[Dataset entries Boundary: Start]

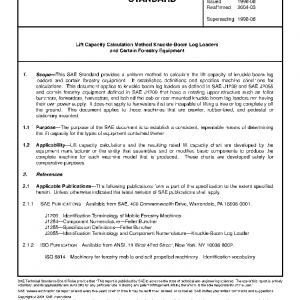 This SAE Standard provides a uniform method to calculate the lift capacity of knuckle-boom log loaders and certain forestry equipment. It establishes definitions and specifies machine conditions for calculations. This document applies to knuckle-boom log loaders as defined in SAE J1209 and SAE J2055 and certain forestry equipment defined in SAE J1209 that have a rotating upper-structure such as feller bunchers, forwarders, harvesters, and behind the cab or rear-mounted knuckle-boom log loaders not having their own power supply. It does not apply to harvesters that are incapable of lifting a tree or log completely off the ground. This document applies to those machines that are crawler, rubber-tired, and pedestal or stationary mounted.
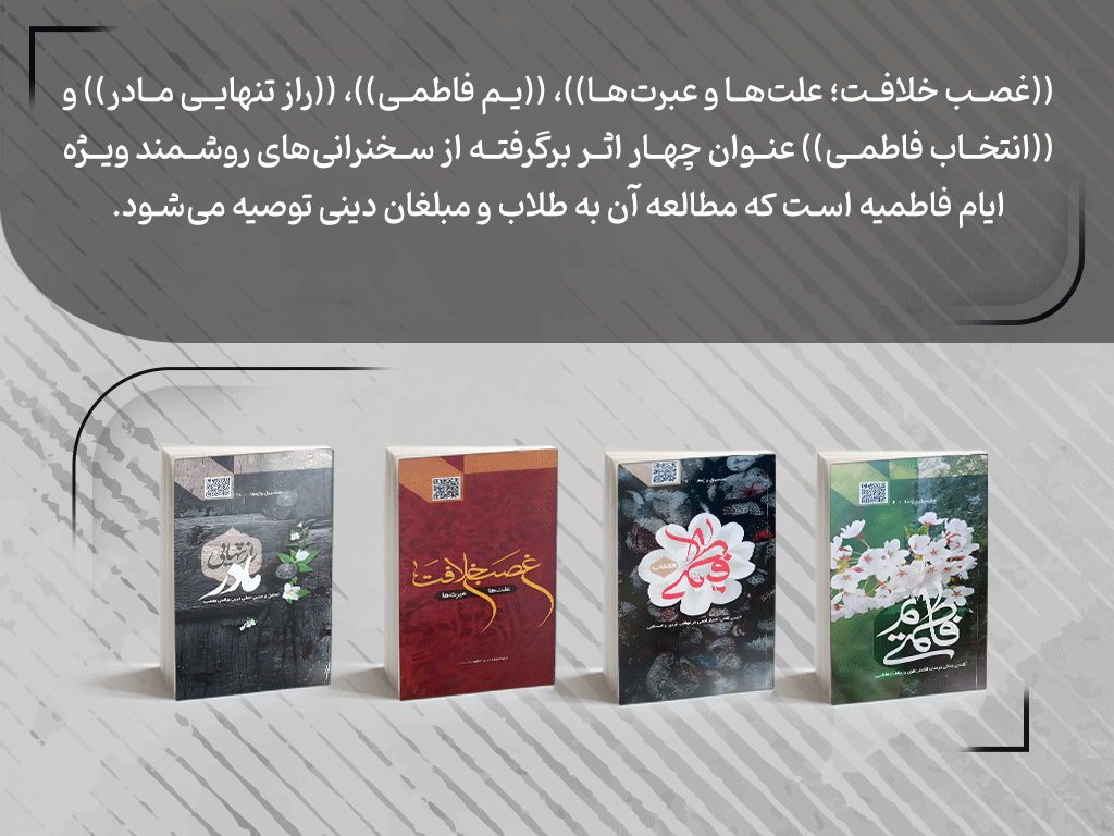 به گزارش پژوهشکده تبلیغ و مطالعات اسلامی باقرالعلوم علیهالسلام، چهار اثر «غصب خلافت؛ علتها و عبرتها»، «یم فاطمی»، «راز تنهایی مادر» و «انتخاب فاطمی» به مناسبت ایام فاطمیه و با محوریت بررسی ابعاد شخصیتی و آموزههای حضرت فاطمه زهرا (سلامالله علیها) منتشر شده است.
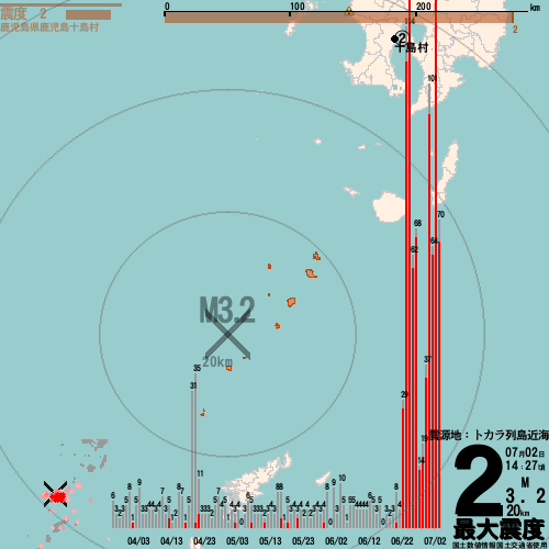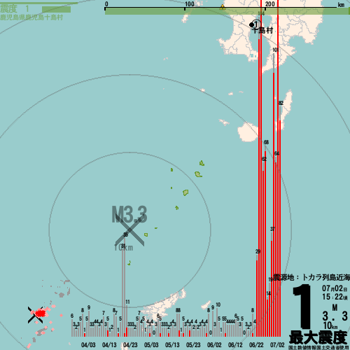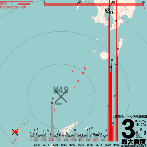 日本の地震の震度情報を、市区町村単位で、地図に描きます。地震は、地盤によって意外な揺れ方をしており、一概に近いほど揺れている訳ではありません。震度3以上の地震はプッシュ通知でお知らせします。津波注意報・津波警報が出ている場合、その旨を文字とともに、海を赤色に描画して警告します。過去の地震も閲覧できます。原子力発電所との位置関係を把握可能。
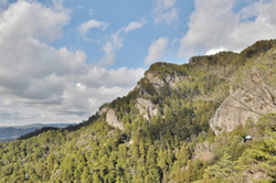 駐車場から東照宮へと向かう道路から。右側の絶壁、鏡岩の下に鳳来寺が見える
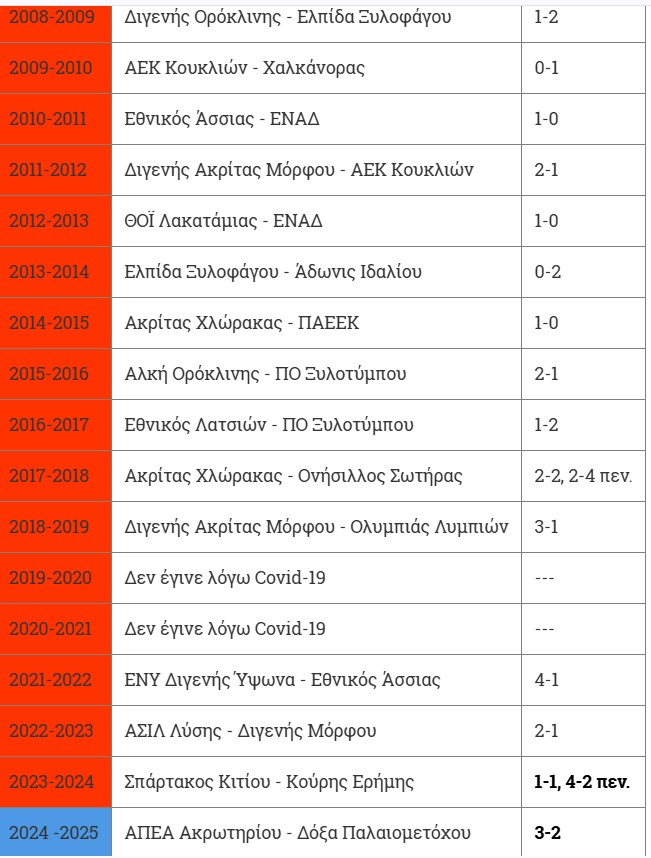 Ο πρώτος τελικός έγινε το 2009 στο Δασάκι Άχνας μεταξύ της Ελπίδας Ξυλοφάγου και του Διγενή Ορόκλινης και μετά το 0-0 στην κανονική διάρκεια του αγώνα, επικράτησε με 2-1 στη διαδικασία της παράτασης η Ελπίδα Ξυλοφάγου.
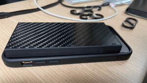 产品材质:碳纤维材质手感很好,手机壳也是这个材质yyds 产品重量:很轻,户外爬山强烈推荐的,到手果然惊艳 其他特色:很轻薄,尺寸也很小,果然是户外人都喜欢的充电宝,对得起这个价格。看对比图,手机是用备用手机苹果11pro对比的

[Dataset entries Boundary: End]

*Requirement*
Locate the line containing "Ο πρώτος τελικός" in the records above, then output it and every line after it through the last, excluding pictures.

*Exercise response*
 Ο πρώτος τελικός έγινε το 2009 στο Δασάκι Άχνας μεταξύ της Ελπίδας Ξυλοφάγου και του Διγενή Ορόκλινης και μετά το 0-0 στην κανονική διάρκεια του αγώνα, επικράτησε με 2-1 στη διαδικασία της παράτασης η Ελπίδα Ξυλοφάγου.
 产品材质:碳纤维材质手感很好,手机壳也是这个材质yyds 产品重量:很轻,户外爬山强烈推荐的,到手果然惊艳 其他特色:很轻薄,尺寸也很小,果然是户外人都喜欢的充电宝,对得起这个价格。看对比图,手机是用备用手机苹果11pro对比的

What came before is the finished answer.